The seventh century theologian, Maximus the Confessor, saw God’s work in the universe as a cosmic mystery, at work even in our amenable passions and drawing us to himself. He didn’t define passion as a strong drawing or enjoyment of perhaps an activity as we might describe it. He saw passion as “the impulse of the soul contrary to nature.” Nature being how we were designed to live, our passions directing us away from such designation. But Maximus also saw God’s mysterious orchestration even in the midst of our zig-zagged lifestyles.
For the all-wise Provider of our life allows what we do by our own impulses to be used, quite naturally and frequently, for our correction. In the case of us who frantically deal with our impulsive acts amid the confusion and the disorder of which those acts are both an object and a cause, our Provider guides the irrational love which, in the meantime, we have directed toward present diversions, back to that which is beloved by nature. (On the Cosmic Mystery of Christ)
Though the character of The Weeknd has profited Abel in countless ways, in his own words, in exchange he’s lost his soul. This is where the chasing of passions has left him. It’s where it leaves all of us. And according to Jesus and Saint Maximus, possibly where God would like to meet us. I do not mean to signify that the Christian world has “gained a celebrity” as we are so oft to celebrate, but I think what Abel is showing us is the hope and longing we all have in our brokenness and misguided passions. We hope for more, we hope for change. We long for salvation. We long for tomorrow. The new day, the rising sun.

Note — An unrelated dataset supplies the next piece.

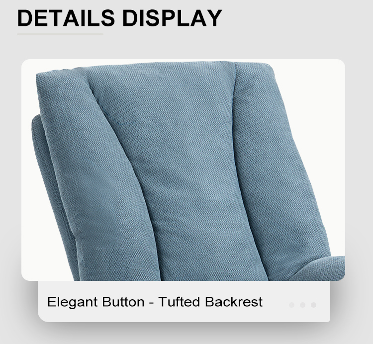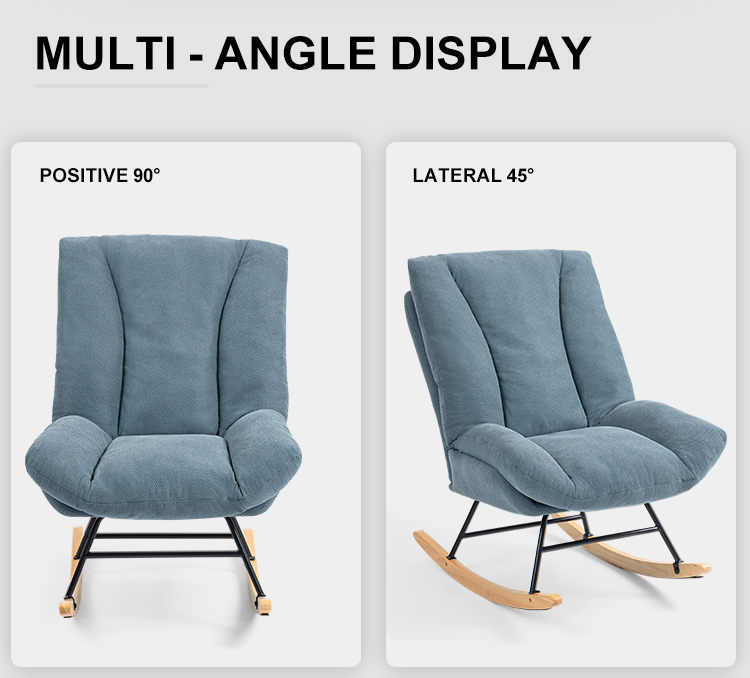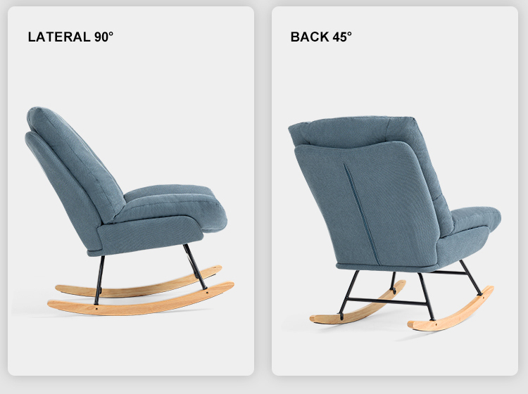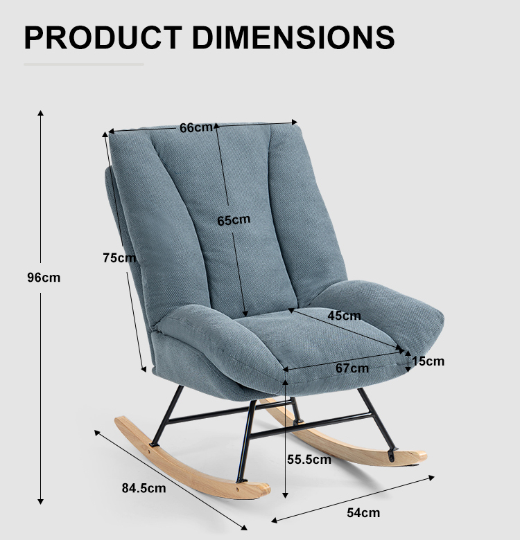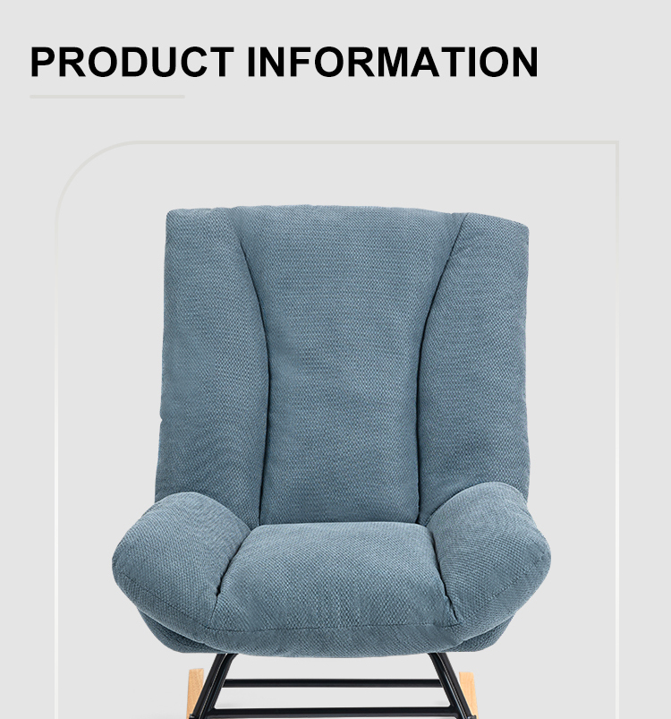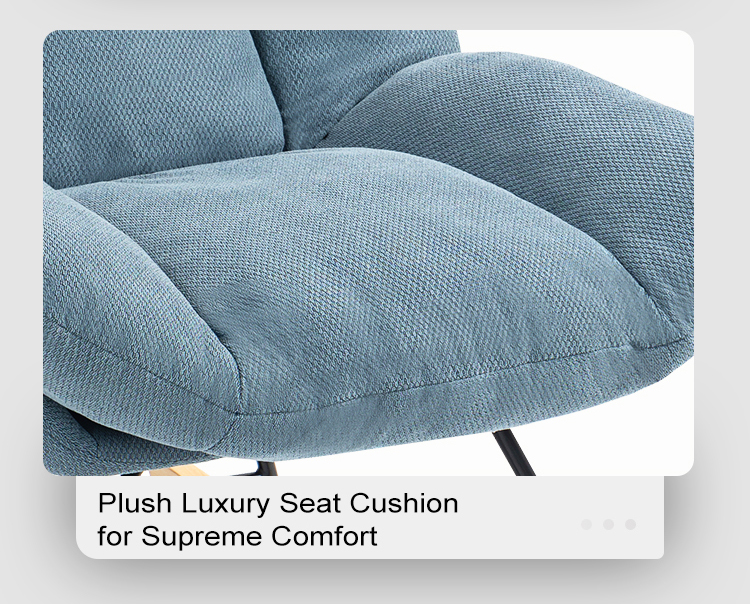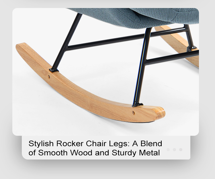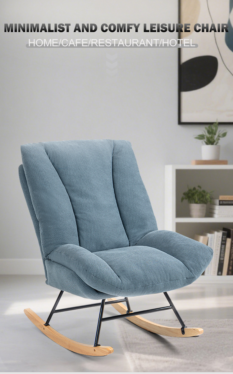 Comfy Light Blue Rocking Chair with Black Metal Frame and Wooden Rockers Living Room Lounge Chair Furniture for Bedroom

To add to the mystery, tomorrow is somehow here already. Victory for the defeated is here today. The depleted can be renewed now. And yet, fulfillment awaits us tomorrow as well. This eschatological longing flows through Hurry Up Tomorrow. A wanting and waiting for a promised hope to come. Psalmic expectation intertwines throughout the lyrics. A Revelation-like vision of a possible future restoration of the soul. And like the anguished, sweaty-faced Abel on the cover of the album, suffering ourselves and our foolhardy passions, we cling to the tomorrow already here and simultaneously cry out with the saints and pop star, hurry up tomorrow!